Yes, it's tough to be conservative and therefore unable to find love during the Super Bowl Half-time show like everyone else. And if you found the show offensive, then it follows that you don't like "the club scene," popular music, or breasts, and therefore you will never find a mate, and will die alone and unloved.
Shared values are essential to forming long-term relationships, but it is difficult to identify people who share your values in a social setting. Politics just aren’t sexy (unless you are Ann Coulter), and they don’t make for good flirtation fodder. You will never find a collection of pick-up lines that includes, "So, what do you think about national defense?"
I'm starting to wonder if Judson is really serious in his search for love, because why would he expect to find his ideal woman (one who is offended by everything except national defense) by using pick-up lines?

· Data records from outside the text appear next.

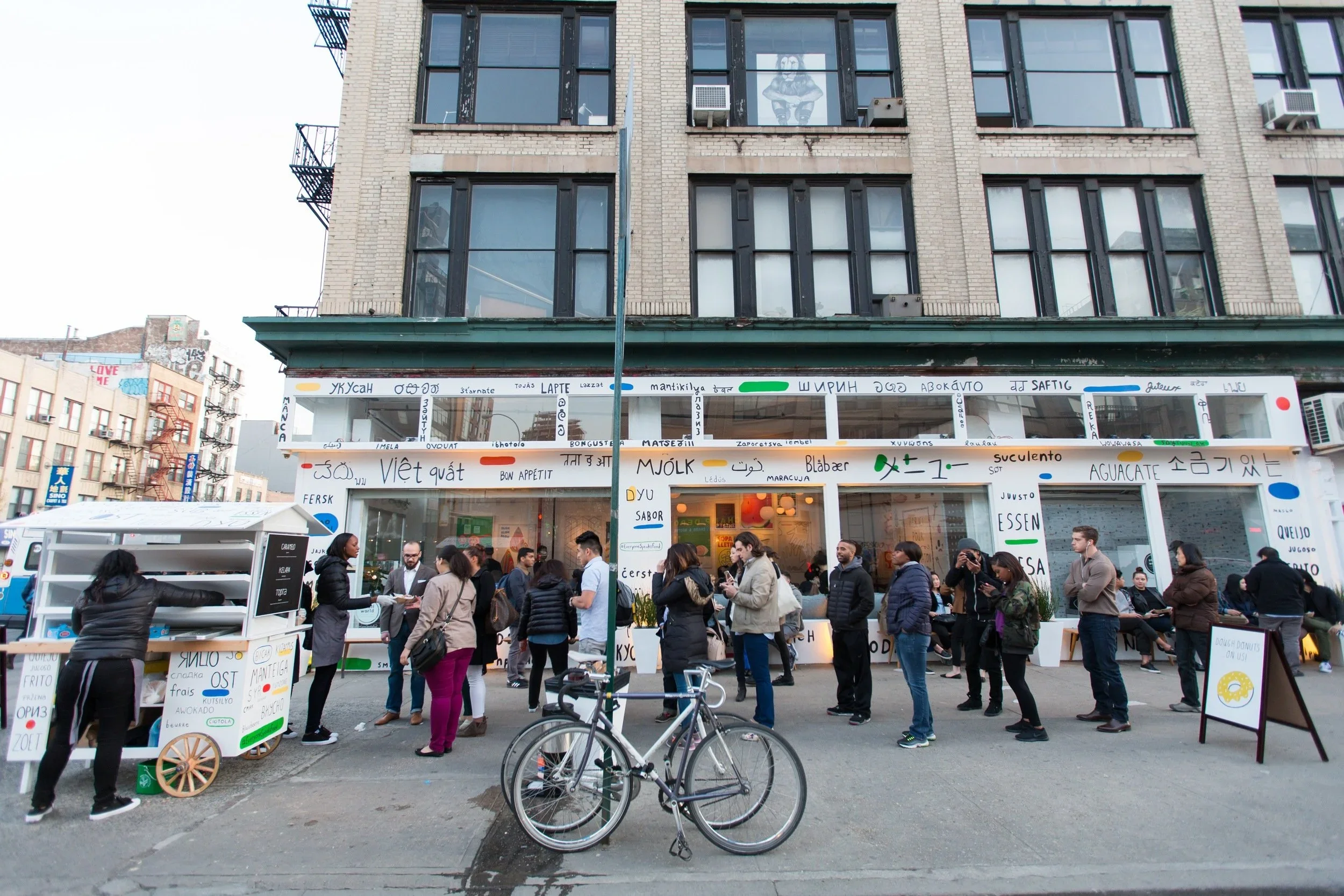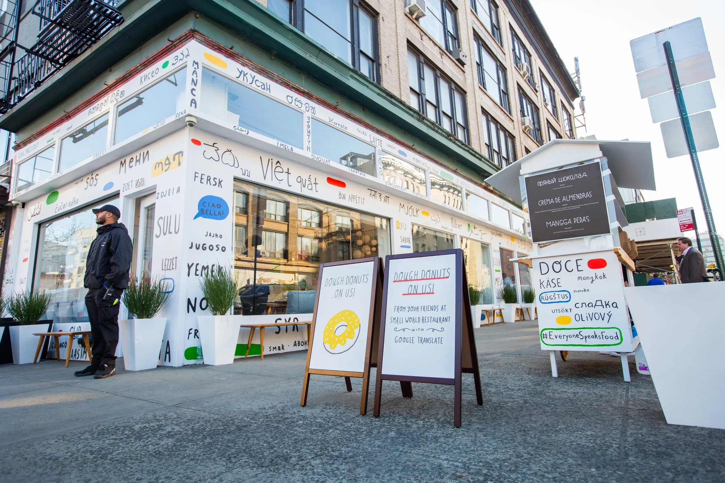 In celebration of Google Translate's 10th anniversary, m ss ng p eces and PARTY New York opened Small World, a free pop-up restaurant in NoLita, NYC for four days in April 2016. Every menu item was written in a foreign language, and the waitstaff spoke only in their native tongues. Guests had to use Google Translate to order. Reservations filled within an hour.
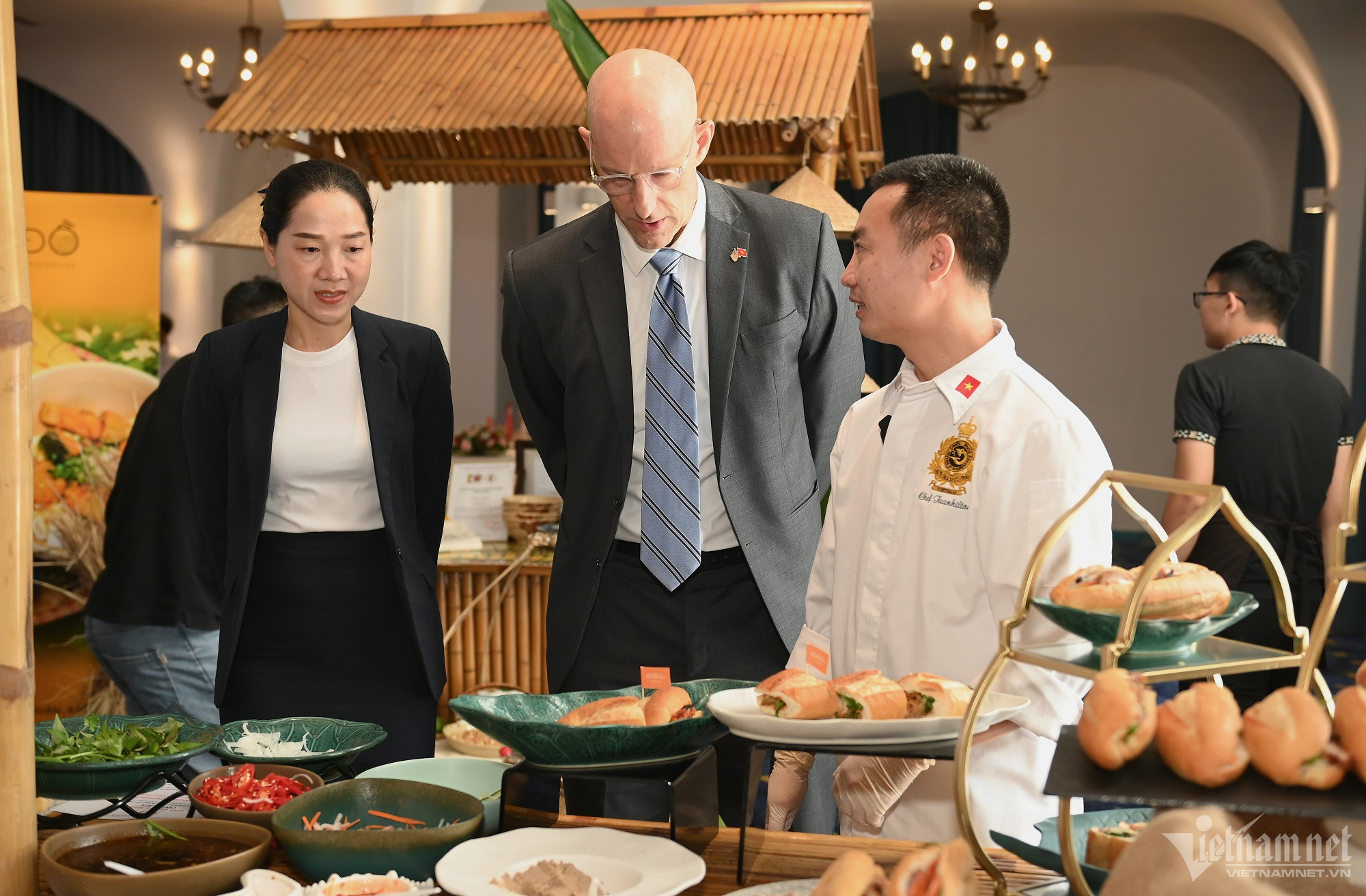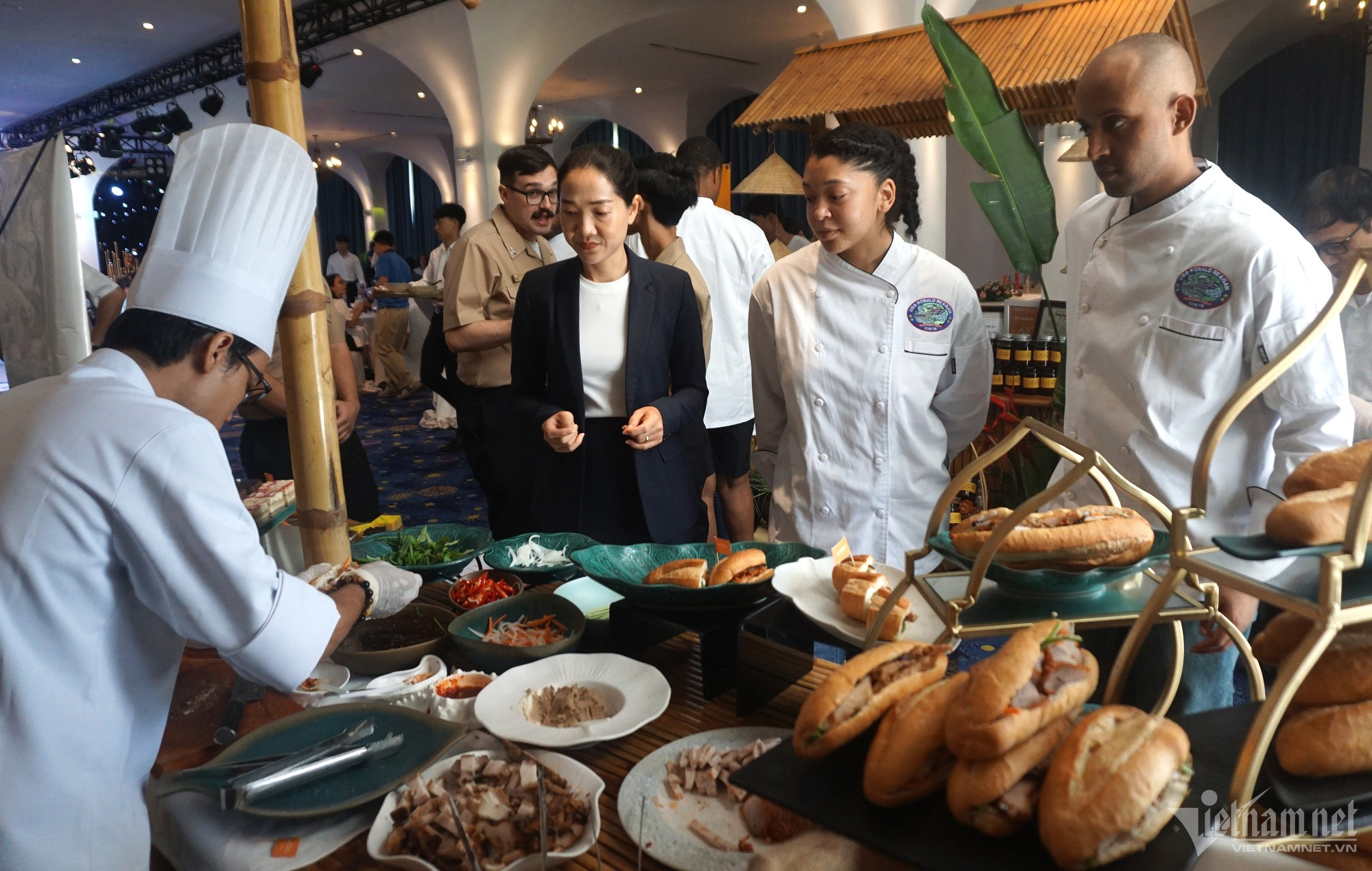 Hình ảnh thủy thủ tàu sân bay Mỹ học nấu ăn, thưởng thức bánh mì Việt Nam
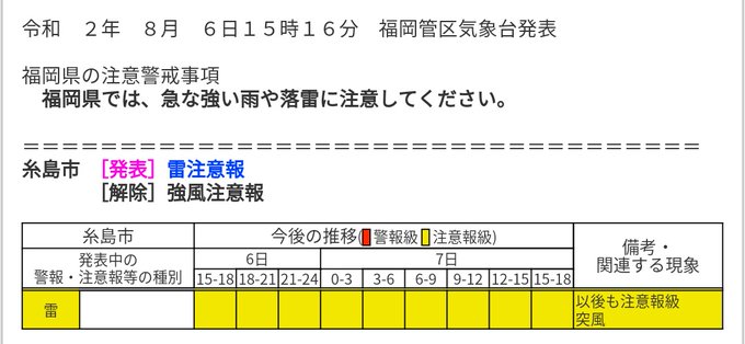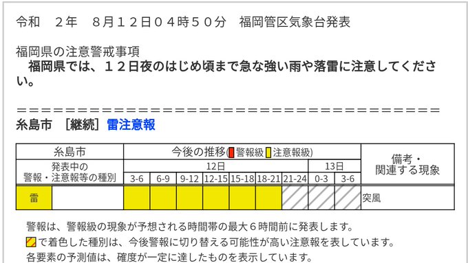8月12日(水)の #福岡県 🌦️⚡
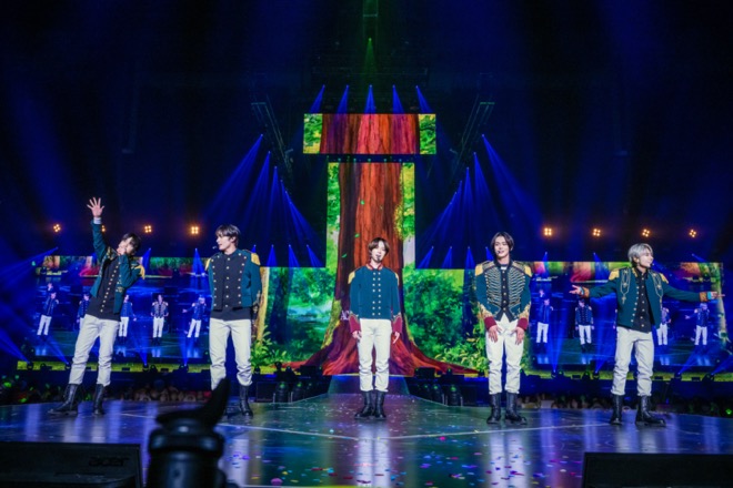 巨大LEDパネルにメリーゴランドが回るオープニング映像が流れ出すと、観客が持つペンライトがブルー一色になり、目の前には夢のようなファンタジックな世界が広がる。宮殿にいるメンバーをとらえた映像、その映像の中と同じ衣装を身につけた5人の貴公子がステージに姿を現すと、舞台が煌めき大歓声が巻き起こった。そして、ライブは「5時53分の空で見つけた君と僕 [Japanese Ver.]」で幕開け。オレンジとブルーが溶け合うような照明で客席を幻想的なマジックアワーへと包み込むと、軽快なステップワークとジャンプのまま、大人になっても子供時代が終わってほしくない気持ちをゲームに例えて歌った「Can’t We Just Leave The Monster Alive?」を披露した。
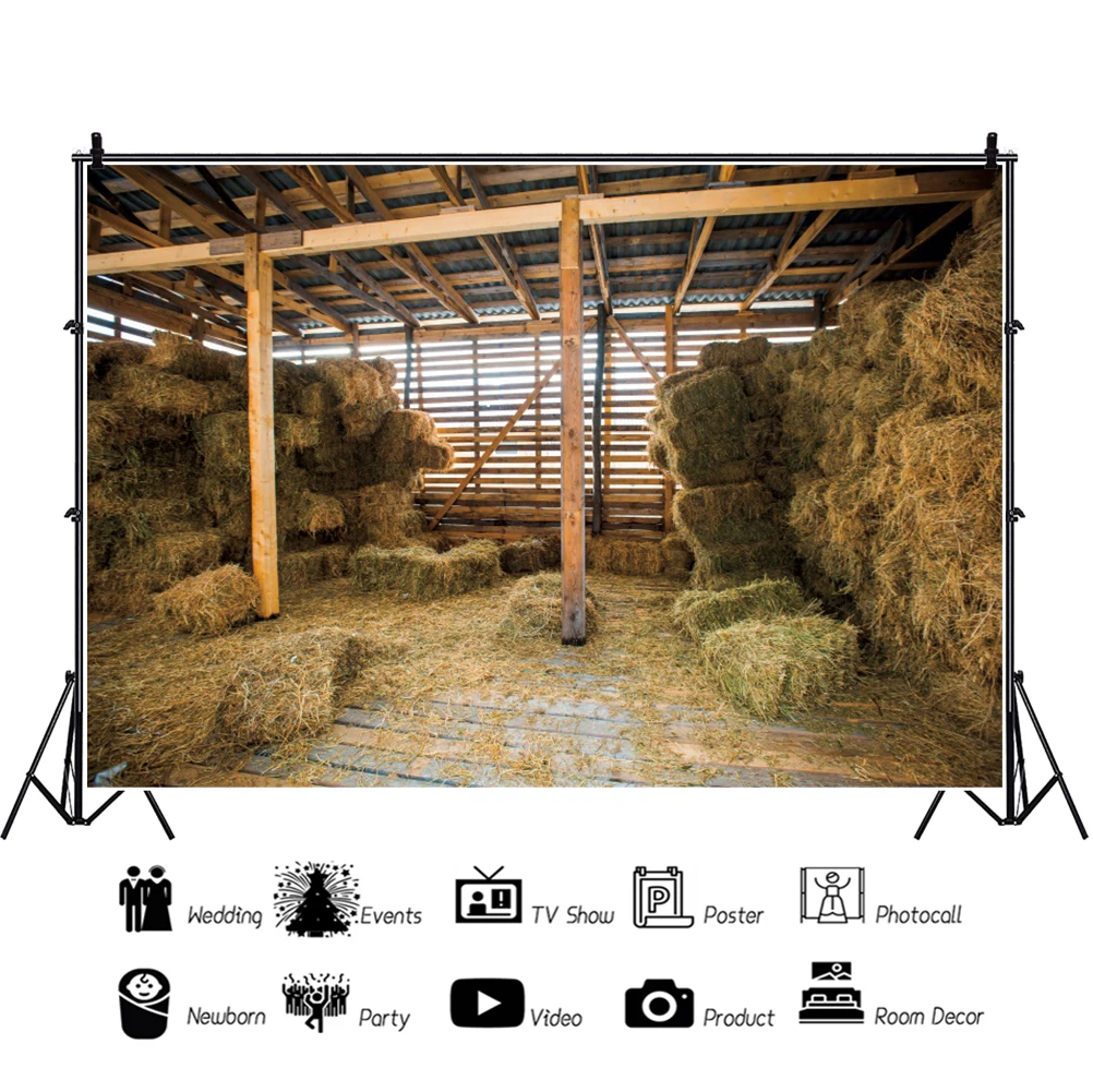 Laeacco склад Старое дерево сельская ферма пустой 3D узор стог сена интерьер фотографический фон фотозона Фото фоны

But yes, politics ARE sexy if you are Ann Coulter, since for her it's like S&M, except that she doesn't have to be in the same room with the people she's trying to humilate, dominate, and hurt. But sadly, nobody in (or out of ) politics finds Ann sexy. Well, except for Judson, Ben Shapiro, and a few other pimply virgins who don't know what the adam's apple means (or who pretend they don't, so they don't have to confront what attraction to Ann means about them.)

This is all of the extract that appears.